Working Capital and Business Financing in general is available to Canadian business owners and financial managers in a number of ways. When we speak to clients about their needs and answer their questions in this area it is simply a case of pointing out all the alternatives available, and discussion what features and benefits of each type of facility make the most sense for their own particular firm and industry.
The majority of working capital loans and financing alternatives are on a secured basis, but that is not the case 100% of the time. With reasonable good financial health and equity in your firm a cash working capital loan can be achieved at solid rates, terms and structures. This is general, is not the norm though, as most lending to small and medium businesses in Canada is in fact secured in some manner.
For larger corporations unsecured cash flow loans are more often than not called ‘ subordinated debt ‘ and they are term loans structured around the analysis of the company’s ability to repay based on future cash flow forecasting . For smaller firms it is simply a working capital loan that might have some covenants attached relative to ongoing profits and cash flow metrics.
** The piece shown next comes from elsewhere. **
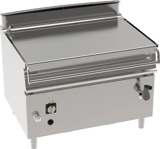 Tigaie basculanta gaz, capacitate 120 litri, structura inox AISI304 cu blat superior de lucru grosime 2 mm, cuva cu interiorul din inox AISI 304 pentru rezistenta foarte mare in timp, capac cu autobalansare si pereti dubli pentru izolare termica superioara, supapă cu termopilă, temperatura de lucru intre 100-300°C, termocupla de siguranta si flacara pilot, valva de siguranta gaz, admisie apa fixata pe spatele blatului de lucru, in afara rezervorului, umplere cu apă pe panoul frontal, butoane foarte solide si rezistente in timp, dimensiuni cuva 1009,8x560,4x200h, greutate 223Kg, picioare reglabile in inaltime.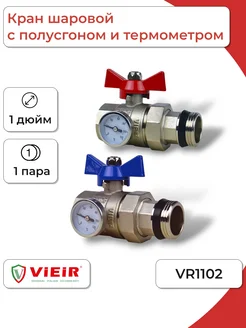 Кран шаровой с полусгоном и термометром 1'' VR1102 пара

Again, we can summarize these offering by saying that cash flow unsecured loans are generally only available to firms that have very reasonable financial health and prospects.
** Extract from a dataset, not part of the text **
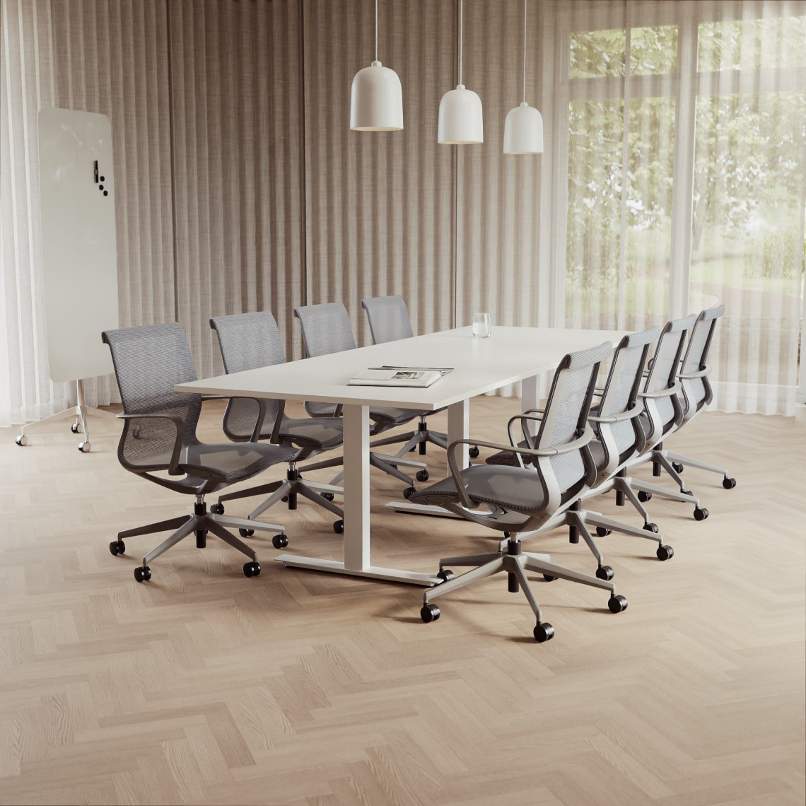 Konferensgrupp Modul + Ergo 006C, Storlek 8 platser (280 cm), Bordsskiva Vit, Underrede Vit, Stol Ljusgrå

In certain cases the working capital and cash flow loans we have described above often relate to the acquisition of a business, with the funding provided to acquire the business.
A more common ‘working capital loan ‘is in effect not a loan but the financing of receivables and inventory. In effect your firm leverages these assets and turns them into ongoing working capital as you create inventory and receivables on an on going basis.
Many business owners come to us and ask if there are ‘government loans ‘for working capital. The reality is that there is not anything available in Canada in that regard. The most common, successful and popular government loan program is called the CSBFL program; thousands of businesses utilize this loan. However, as we have noted, it does not provide working capital, and some business owners are dismayed when we advise them that this loan program only covers three items – equipment, leasehold improvements, and real estate.
When looking for a working capital solution there are some critical factors to assess and address. Many firms we meet can in fact cure their own working capital solutions by affecting a better turnaround in their receivables and inventory. Those are the key working capital components of any firm. If your firm has been self financing then you should consider a working capital or an invoice discounting facility. This injects immediate working capital into your company, and is not treated as a loan on your books, you are simply converting A/R, and in some cases inventory, into immediate cash.
Many business owners we meet simply don’t do even basic cash flow planning. A very simple template you can set up can easily show you what cash is coming in over the next three months, for example, and you already know your fixed and variable expenses, it’s as simple as that.
Working capital needs can be either short term or longer term in nature. The cash working capital term loan we spoke of earlier is a long term solution for permanent working capital. On the other hand the conversion of your receivables and inventory via a working capital facility via a non bank is immediate short term cash flow.
Work with a trusted, credible, and experienced advisor in this area. Assess your needs, evaluate the solution, and focus on implementing a facility based on the benefits that are derived from that type of financing. That is cash flow and working capital planning 101!